• THE TASK
Everything in the records below from the line containing "物置 屋外 スチール 倉庫" through the line containing "师:其实对于任何事物,我们大" is to be reproduced exactly, those two lines included; no picture is to be copied.

• LISTED ENTRIES
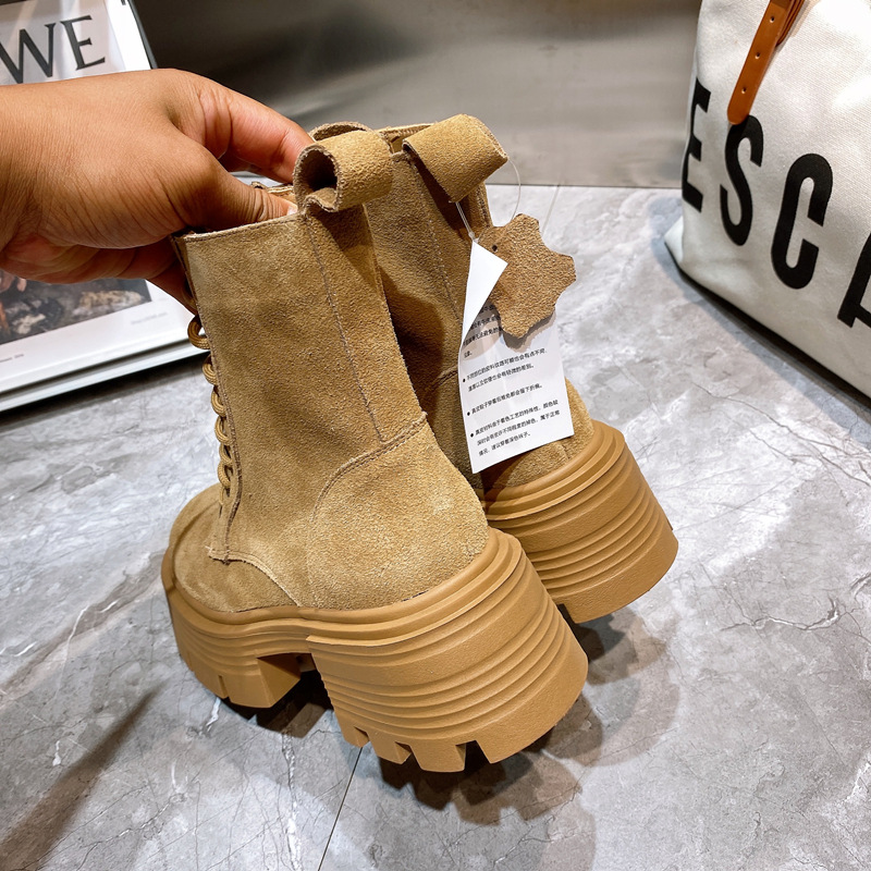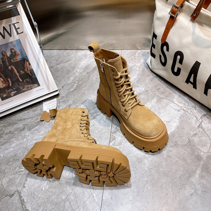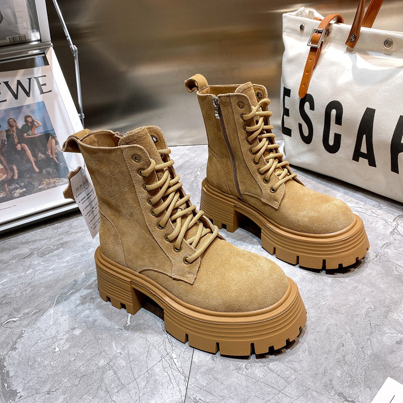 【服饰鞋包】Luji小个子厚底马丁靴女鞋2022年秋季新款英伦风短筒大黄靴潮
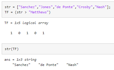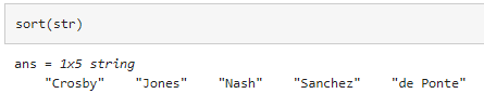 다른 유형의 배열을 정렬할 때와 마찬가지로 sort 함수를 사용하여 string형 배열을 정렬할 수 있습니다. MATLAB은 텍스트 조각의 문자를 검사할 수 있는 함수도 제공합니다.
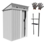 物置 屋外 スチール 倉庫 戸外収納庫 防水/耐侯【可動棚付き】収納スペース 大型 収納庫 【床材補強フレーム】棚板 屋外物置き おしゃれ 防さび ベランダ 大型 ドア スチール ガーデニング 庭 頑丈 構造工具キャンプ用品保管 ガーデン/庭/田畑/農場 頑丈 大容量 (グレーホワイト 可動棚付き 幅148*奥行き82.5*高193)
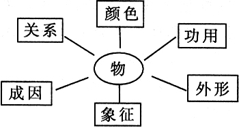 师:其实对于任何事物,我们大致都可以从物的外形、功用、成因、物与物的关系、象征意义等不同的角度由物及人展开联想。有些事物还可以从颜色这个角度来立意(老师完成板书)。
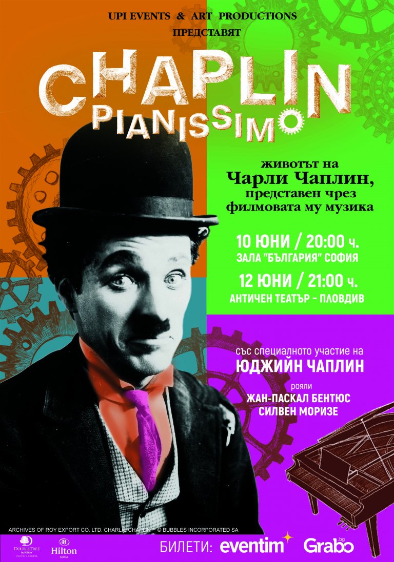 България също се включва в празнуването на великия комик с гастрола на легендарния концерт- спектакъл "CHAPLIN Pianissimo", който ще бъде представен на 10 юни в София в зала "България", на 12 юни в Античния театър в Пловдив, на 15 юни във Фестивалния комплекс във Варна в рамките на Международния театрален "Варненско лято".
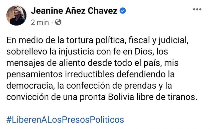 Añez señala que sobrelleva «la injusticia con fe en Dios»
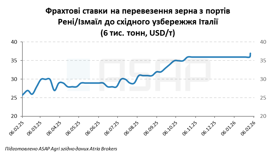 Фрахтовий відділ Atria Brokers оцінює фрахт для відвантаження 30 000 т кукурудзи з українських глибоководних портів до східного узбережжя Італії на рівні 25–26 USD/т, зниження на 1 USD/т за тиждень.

* * *

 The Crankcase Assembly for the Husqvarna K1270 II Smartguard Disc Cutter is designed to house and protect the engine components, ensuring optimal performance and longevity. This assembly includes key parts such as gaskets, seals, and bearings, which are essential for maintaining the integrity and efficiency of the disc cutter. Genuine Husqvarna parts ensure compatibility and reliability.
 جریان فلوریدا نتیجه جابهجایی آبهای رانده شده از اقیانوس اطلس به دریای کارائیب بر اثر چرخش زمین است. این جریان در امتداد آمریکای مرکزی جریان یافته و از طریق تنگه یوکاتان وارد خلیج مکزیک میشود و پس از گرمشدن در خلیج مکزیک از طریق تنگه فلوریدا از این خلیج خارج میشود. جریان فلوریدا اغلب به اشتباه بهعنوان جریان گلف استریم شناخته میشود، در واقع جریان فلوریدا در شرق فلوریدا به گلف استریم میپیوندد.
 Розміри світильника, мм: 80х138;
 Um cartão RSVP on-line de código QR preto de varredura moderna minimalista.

---

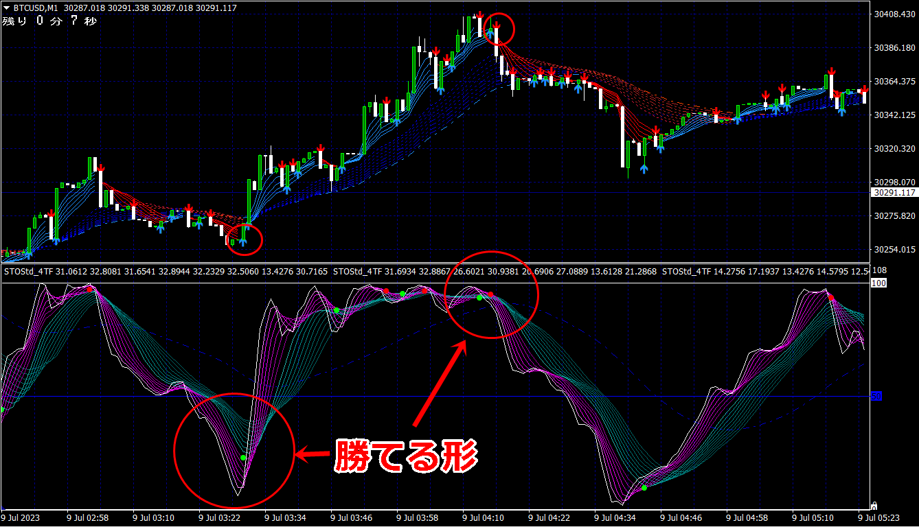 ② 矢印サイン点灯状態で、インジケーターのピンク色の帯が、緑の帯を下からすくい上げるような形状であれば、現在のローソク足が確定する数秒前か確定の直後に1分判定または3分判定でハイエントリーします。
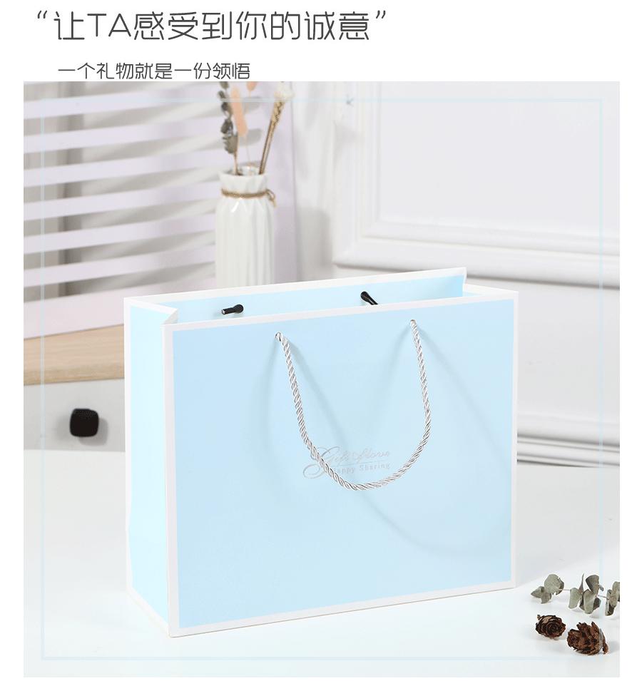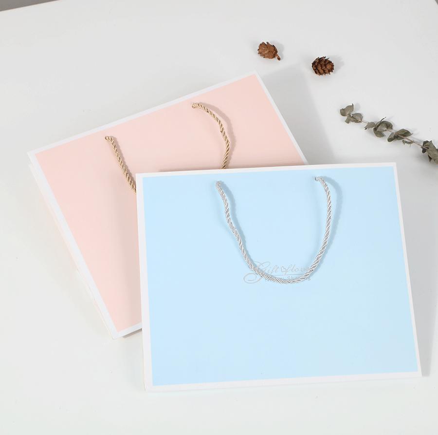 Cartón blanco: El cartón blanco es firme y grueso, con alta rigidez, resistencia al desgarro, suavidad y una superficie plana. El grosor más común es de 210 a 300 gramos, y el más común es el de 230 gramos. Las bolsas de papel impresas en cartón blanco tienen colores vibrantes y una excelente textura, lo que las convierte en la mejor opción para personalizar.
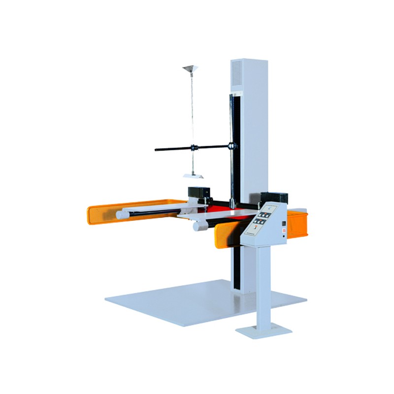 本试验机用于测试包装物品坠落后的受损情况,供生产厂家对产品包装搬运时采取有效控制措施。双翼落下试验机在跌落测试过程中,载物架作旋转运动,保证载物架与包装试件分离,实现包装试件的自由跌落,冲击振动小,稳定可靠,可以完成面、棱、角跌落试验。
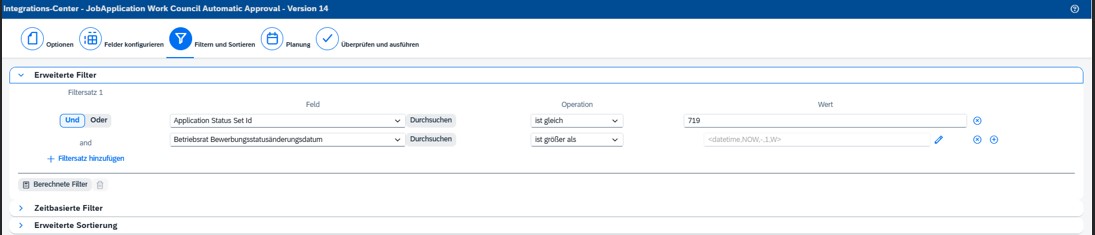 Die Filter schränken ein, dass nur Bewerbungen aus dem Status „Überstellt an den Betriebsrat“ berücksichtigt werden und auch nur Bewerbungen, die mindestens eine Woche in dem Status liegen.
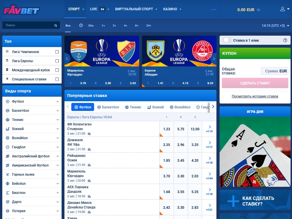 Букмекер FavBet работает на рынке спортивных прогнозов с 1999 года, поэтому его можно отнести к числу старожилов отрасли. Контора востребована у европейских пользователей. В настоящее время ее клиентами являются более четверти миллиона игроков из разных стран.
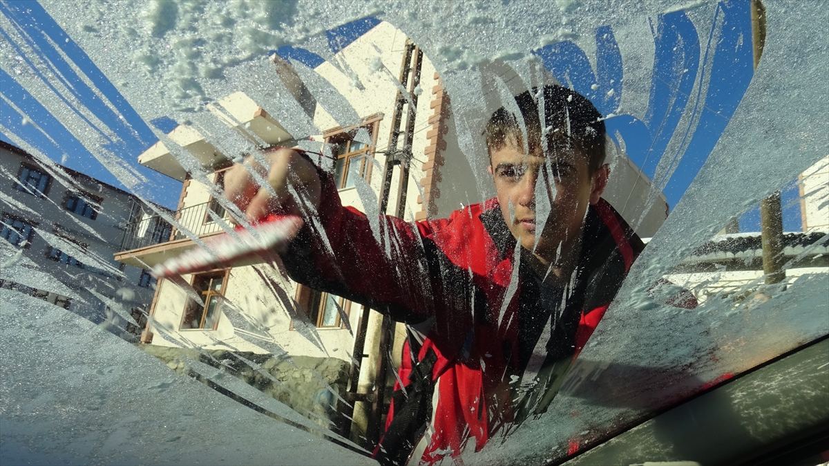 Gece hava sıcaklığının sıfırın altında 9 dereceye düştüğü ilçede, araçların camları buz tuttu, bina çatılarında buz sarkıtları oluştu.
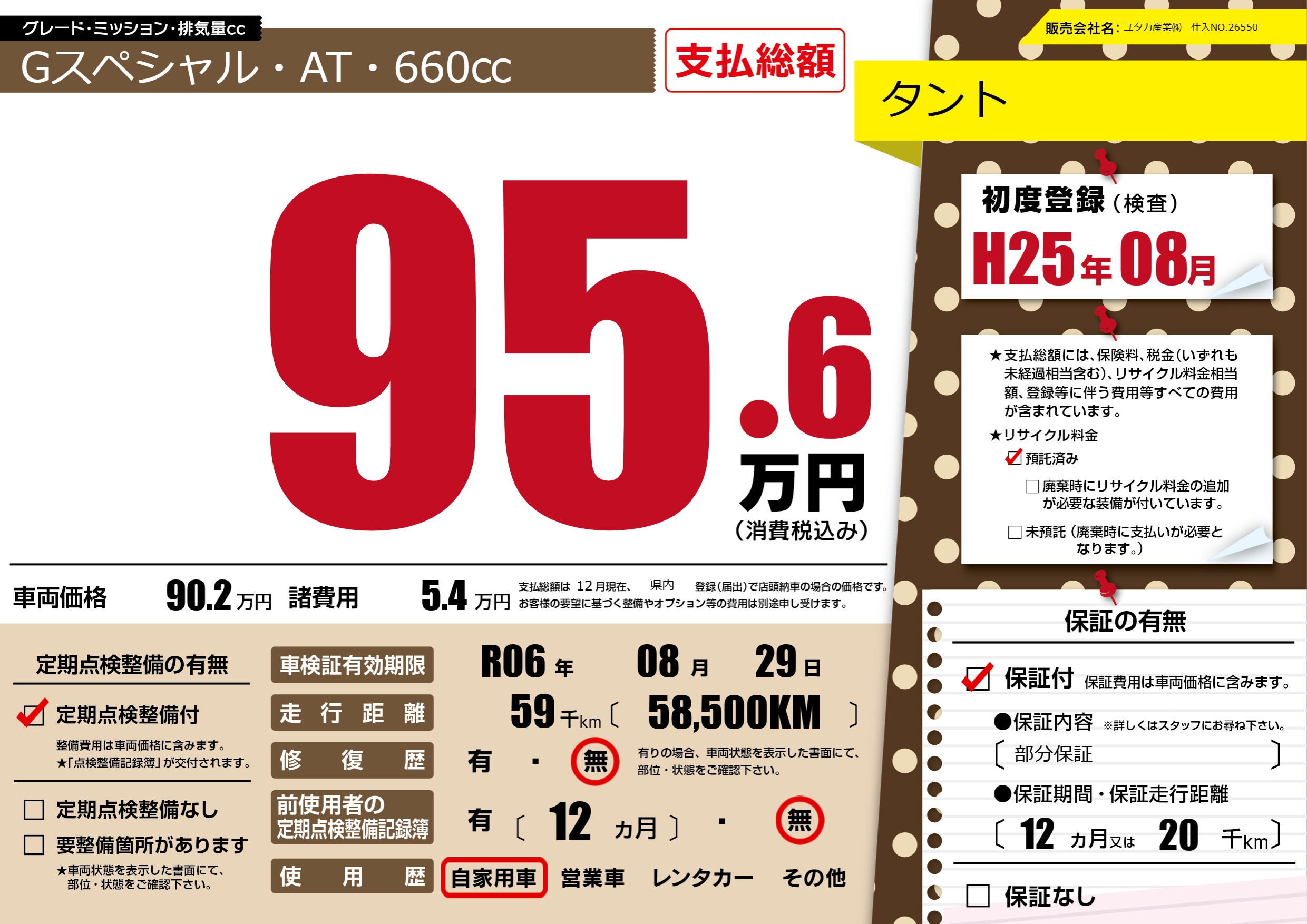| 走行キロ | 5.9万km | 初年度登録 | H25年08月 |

• OUTPUT OF THE EXERCISE
 物置 屋外 スチール 倉庫 戸外収納庫 防水/耐侯【可動棚付き】収納スペース 大型 収納庫 【床材補強フレーム】棚板 屋外物置き おしゃれ 防さび ベランダ 大型 ドア スチール ガーデニング 庭 頑丈 構造工具キャンプ用品保管 ガーデン/庭/田畑/農場 頑丈 大容量 (グレーホワイト 可動棚付き 幅148*奥行き82.5*高193)
 师:其实对于任何事物,我们大致都可以从物的外形、功用、成因、物与物的关系、象征意义等不同的角度由物及人展开联想。有些事物还可以从颜色这个角度来立意(老师完成板书)。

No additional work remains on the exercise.